Anita Sherman

Anita Sherman is the Community Editor at the Fauquier Times. Reach her at

 Virginia’s tax-free weekend has passed. For thousands of students, school is back in session. And it’s still August.  

My children are grown, so shopping for packs of colored pencils isn’t on my agenda, but I find myself reflecting on my back-to-school days. 

Yes, I know it’s a cliché, but things were simpler then. And, for me, the ritual of heading back to those small wooden desks with a hole in the upper right corner to hold a bottle of blue Sheaffer ink was sweet.  

By third or fourth grade we were expected to master the use of a fountain pen. I don’t even think ballpoints were invented. If they were, we didn’t use them. For us, it was pencils, always to be kept razor sharp, and fountain pens. 

We had to fine tune the art of filling a fountain pen by gently mastering that tiny, slim silver lever on the side. Pull a little and not enough ink went in. Pull too much and your fingers bore the permanent mark of your mistake. 

And then, of course, there was Stephen. I’ll never forget the image of him occasionally drinking the ink because it gave him a blue smile. Stephen was quirky. 

Rulers were your basic plastic variety with the tiny white numbers that eventually wore off and crayons were gradually getting packaged in bigger and bigger sets.
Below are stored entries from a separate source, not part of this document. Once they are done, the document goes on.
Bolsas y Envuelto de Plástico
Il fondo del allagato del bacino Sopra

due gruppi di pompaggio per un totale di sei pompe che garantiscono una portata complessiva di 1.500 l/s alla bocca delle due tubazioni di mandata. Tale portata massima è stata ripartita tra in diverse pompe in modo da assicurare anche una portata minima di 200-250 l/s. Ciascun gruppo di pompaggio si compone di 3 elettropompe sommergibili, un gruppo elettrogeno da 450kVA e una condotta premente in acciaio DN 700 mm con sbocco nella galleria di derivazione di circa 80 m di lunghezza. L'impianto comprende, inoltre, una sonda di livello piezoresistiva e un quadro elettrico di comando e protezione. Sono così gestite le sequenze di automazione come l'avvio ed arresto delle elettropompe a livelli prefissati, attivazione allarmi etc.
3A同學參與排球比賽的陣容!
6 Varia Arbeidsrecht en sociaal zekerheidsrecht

For most of us, the varieties of crayons stopped at 24. 

Scissors were small, rounded and metal and didn’t cut very well. 
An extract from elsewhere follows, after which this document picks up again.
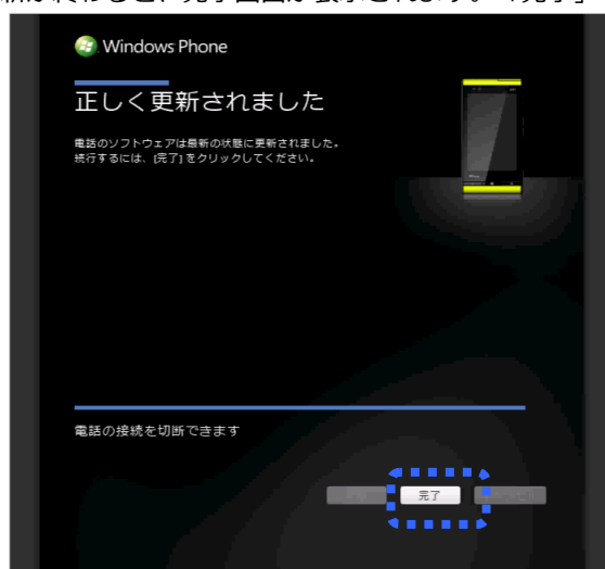
Zune PC ソフトウェア

Marbled composition books were very much in vogue as they are today but mine were all black. There were no colors to choose from. 

All my folders looked the same. I knew them only as PG folders and they were cream colored, illustrated with sports figures in a cinnamon-colored ink. Lisa Frank (the designer of those cool psychedelic folders) wasn’t even born then and Tweety Bird and company were just beginning to make appearances on cereal boxes. 
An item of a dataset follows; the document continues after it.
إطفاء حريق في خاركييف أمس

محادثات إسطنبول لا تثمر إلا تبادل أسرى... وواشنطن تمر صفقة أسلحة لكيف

Zippered pouches for holding all the precious pencils and pens were around but many of my classmates used old cigar boxes. These actually worked better because there was no zipper to break or plastic to get smeared with broken lead. 

Backpacks were around but they were used for hiking and canoeing trips. We had book bags and, if they had a strap, it was slung on one shoulder. They had lots of buckles and pockets but the best part was the large plastic handle centered on top. Strutting down the street (most of us walked to school then), your book bag would gaily swing from side to side suspended by that handle that rarely, if ever, broke. 

Taking your lunch to school was always risky in those days. Brown paper bags were acceptable but having a metal lunch box was much better. The tricky part was the thermos. Rarely did liquids make it through the morning without leaking into the rest of your lunch. 

My mother preferred the red plaid variety, but I was insistent one year and arrived on the scene with a brand-new metal lunch box featuring Superman. For weeks, this served as lunchtime entertainment as everyone took turns reading the cartoon bubbles and turning the box to see newspaperman Clark Kent throw off his glasses and fly into the air in resplendent caped attired. 

As today, books had to be covered, but book socks were unheard of. 

My father was a designing engineer and he always offered, and I always expected, that he would be the designated book coverer. I would leave my books on the dining room table with the plain brown paper or sometimes clear plastic. In the morning when I got up, the books would be neatly covered and piled ready for me to take to school. He did a beautiful job, measuring and folding each corner just so. 

While my father handled anything “technical,” under which school supplies and covering books fell, my mother took care of new shoes. 

My mother and I would walk down Wisteria Avenue and into the Hollywood District where the movie theater and several department stores were located. 

My mother’s favorite was Miller’s. I remember its creaky wooden floors and fussy sales clerks but, in one corner of the store, was the shoe department. It was there that we would look at Buster Brown shoes. 

For my mother, these were the shoes that she knew and trusted. They were made of leather and you could polish them over and over and always get a shine. The suited shoe-man would have me stand on this thing that resembled a scale, but I think it was an X-ray machine as he would always say, “they fit perfectly and she has room to grow.” 

Year after year, I would start the new school year with black and white saddle shoes or cream and brown saddle shoes or burgundy loafers. One year it was black MaryJanes. But they were always Buster Browns. 

Inside the shoe where your heel would sit was a round decal bearing the image of the little Dutch boy with his dog.  

I looked forward to our trips together to shop for school, the smell of her cologne, the brush of her coat against my cheek and walking out of Miller’s with a brand-new pair of Buster Browns. 

My pencils sharpened, my books meticulously covered and my fountain pen not leaking, I was ready to walk down the hallways and find a new classroom each year.  

I felt sorry for Stephen as he never mastered the fountain pen routine. He did, eventually, loose his taste for ink but then couldn’t keep away from that pasty white glue.